Se cuenta en el Antiguo Testamento que Elías fue enviado por Dios a una viuda pobre en la ciudad de Sarepta de Sidón, para que le sustentara. Cuando el profeta llegó la encontró afanada recogiendo leña junto a la puerta de la ciudad. Le pidió agua, que ella se apresuró a servirle. Luego le reclamó un poco de pan. Ella le contestó que solo le quedaba un poco de harina y aceite, con los que había pensado cocer unas tortas para ella y su hijo, para luego dejarse morir de hambre. Elías le pidió que compartieran el alimento y ella lo hizo, confiando en Dios. A partir de entonces y como recompensa por su generosidad nunca escaseó la harina en la tinaja, ni el aceite en la vasija menguó, a pesar de que los tres comieron hasta saciarse muchos días.
En el polo opuesto a esa viuda estaba uno de mis conocidos de cuyo nombre no quiero acordarme, hasta el punto de que Molière se podría haber inspirado en él para crear al protagonista de El avaro. Imagino que esa mentalidad mezquina se debería a la escasez de la posguerra y la miseria vivida en su infancia, pero no contribuyó a hacerlo más feliz, ni siquiera más adinerado. Recibió un negocio próspero, que fue arruinando a poquitos por pensar que invertir en la tienda era un desperdicio y que tenerla cada vez más desabastecida de productos por miedo a no venderlos suponía una excelente estrategia comercial. Siguiendo el mismo impulso no realizó ninguna reforma en la vivienda alquilada, ni adquirió otra propia más moderna y cómoda, pasando frío, malcomiendo y con privaciones. Y su forma egoísta y roñosa de tratar a sus parientes, vecinos y clientes no favorecía que se le cogiera afecto. Es cierto que esos ahorros tan fatigosamente obtenidos le permitieron pagar una residencia hasta el fin de sus días, tras la jubilación, lo cual teniendo en cuenta que llegó a los cien años no es moco de pavo… Pero, seamos sinceros, si hubiera invertido su dinero de forma menos cicatera probablemente hubiera llegado al mismo resultado, pero de manera más placentera y satisfactoria. Y con réditos de cariño y compañía.
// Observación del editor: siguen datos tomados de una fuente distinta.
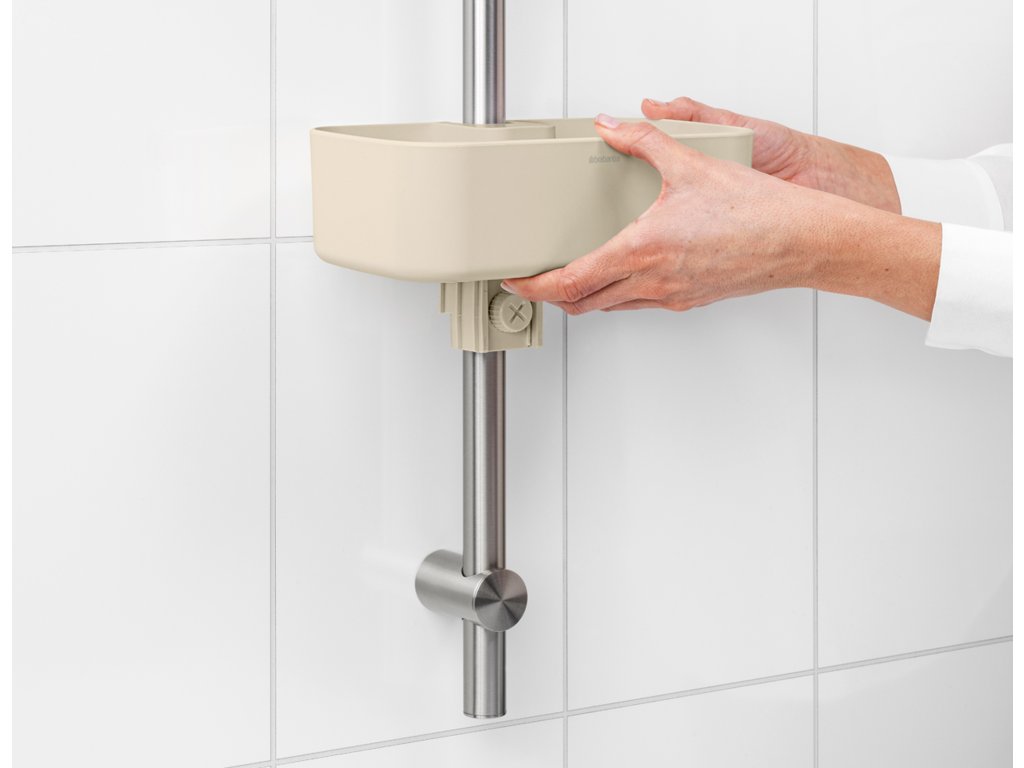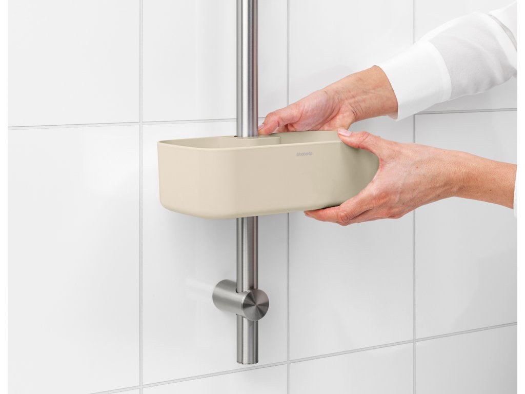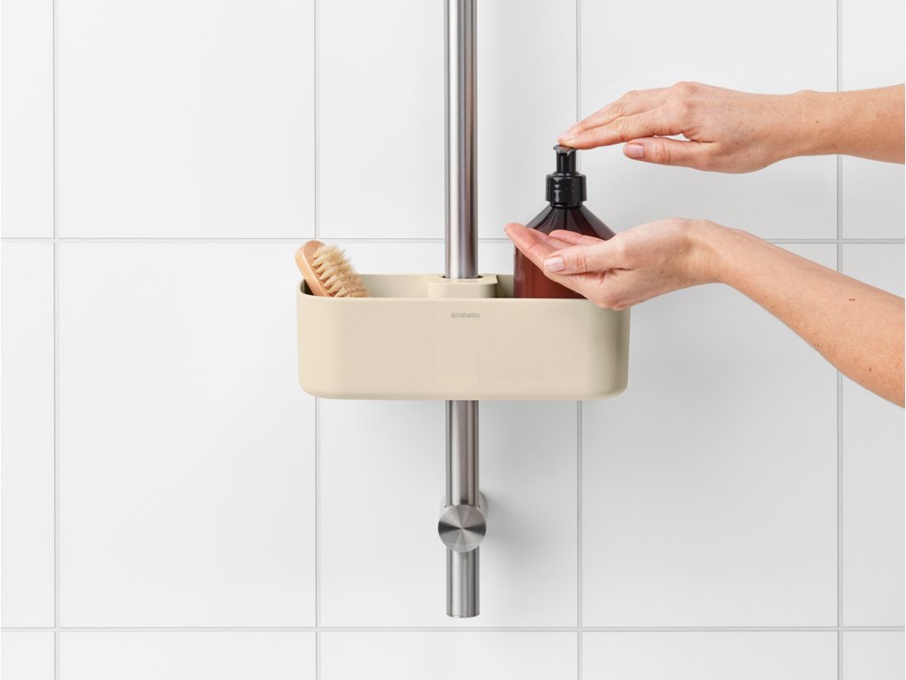Ľahko ho pripevnite k sprchovej tyči a nastavte výšku. Šikovný trik, ako udržiavať v kúpeľni poriadok.
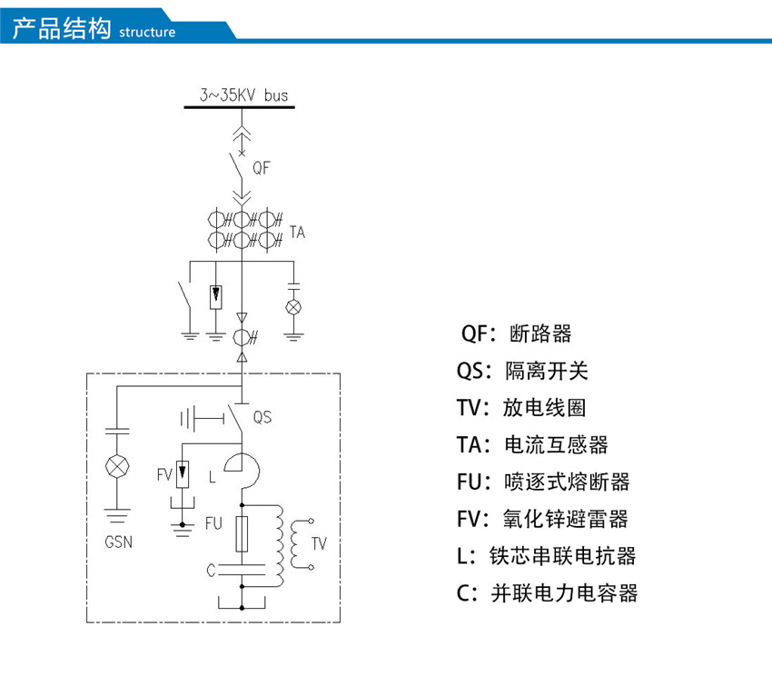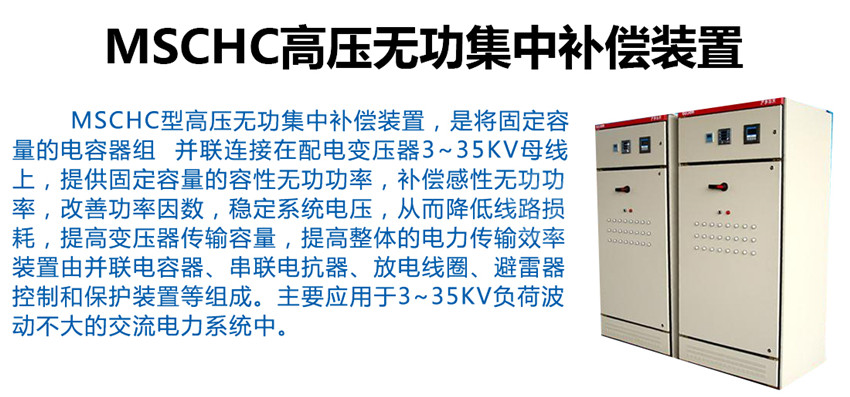 MSCHC型高壓無(wú)功集中補(bǔ)償裝置,是將固定容量的電容器組 并聯(lián)連接在配電變壓器3~35kV母線(xiàn)上,提供固定容量的容性無(wú)功功率,補(bǔ)償感性無(wú)功功率,改善功率因數(shù),穩(wěn)定系統(tǒng)電壓,從而降低線(xiàn)路損耗,提高變壓器傳輸容量,提高整體的電力傳輸效率。裝置由并聯(lián)電容器、串聯(lián)電抗器、放電線(xiàn)圈、避雷器、控制和保護(hù)裝置等組成。主要應(yīng)用于3~35kV負(fù)荷波動(dòng)不大的交流電力系統(tǒng)中

¿Pero acaso yo misma, que me permito criticarle, no hago lo mismo en ocasiones? No creo que vaya a caer en la indigencia por hacer una aportación periódica a una ONG, o por estirarme un poco más con ocasión de una emergencia humanitaria, aunque lo primero que se me ocurra es no soy el Banco de España, sino una asalariada. Y lo mismo digo por tener un detallito con mis seres queridos o darme un capricho, que no tiene por qué ser caro, pues unas simples castañas asadas bastan para reconfortar con su aroma otoñal un corazón triste.
No estoy haciendo un alegato a favor del despilfarro y la prodigalidad, pero a veces por miedo a soltar nos cerramos a la abundancia. Qué liberación cuando por fin retiro esos botes a los que hay que practicar un torniquete para extraer una pizquita de crema. O cuando dono la ropa que ya no uso y ocupa lugar en el armario. Me siento rica cuando dispongo de todo lo necesario y no más, aunque objetivamente posea menos cosas. Y estoy dejando sitio para lo nuevo.
Decía el maestro Jesús que “los lirios del campo no trabajan, ni hilan, y ni el mismo Salomón en toda su gloria se vistió como uno de ellos”, animándonos a confiar en Dios, que pondrá a nuestra disposición “el pan de cada día” para que lo disfrutemos y lo compartamos, en lugar de acopiarlo y dejar que se pudra sin que nadie lo coma por miedo a un hipotético futuro de hambre, pues la magnanimidad suele resultar mejor “inversión” que la avaricia.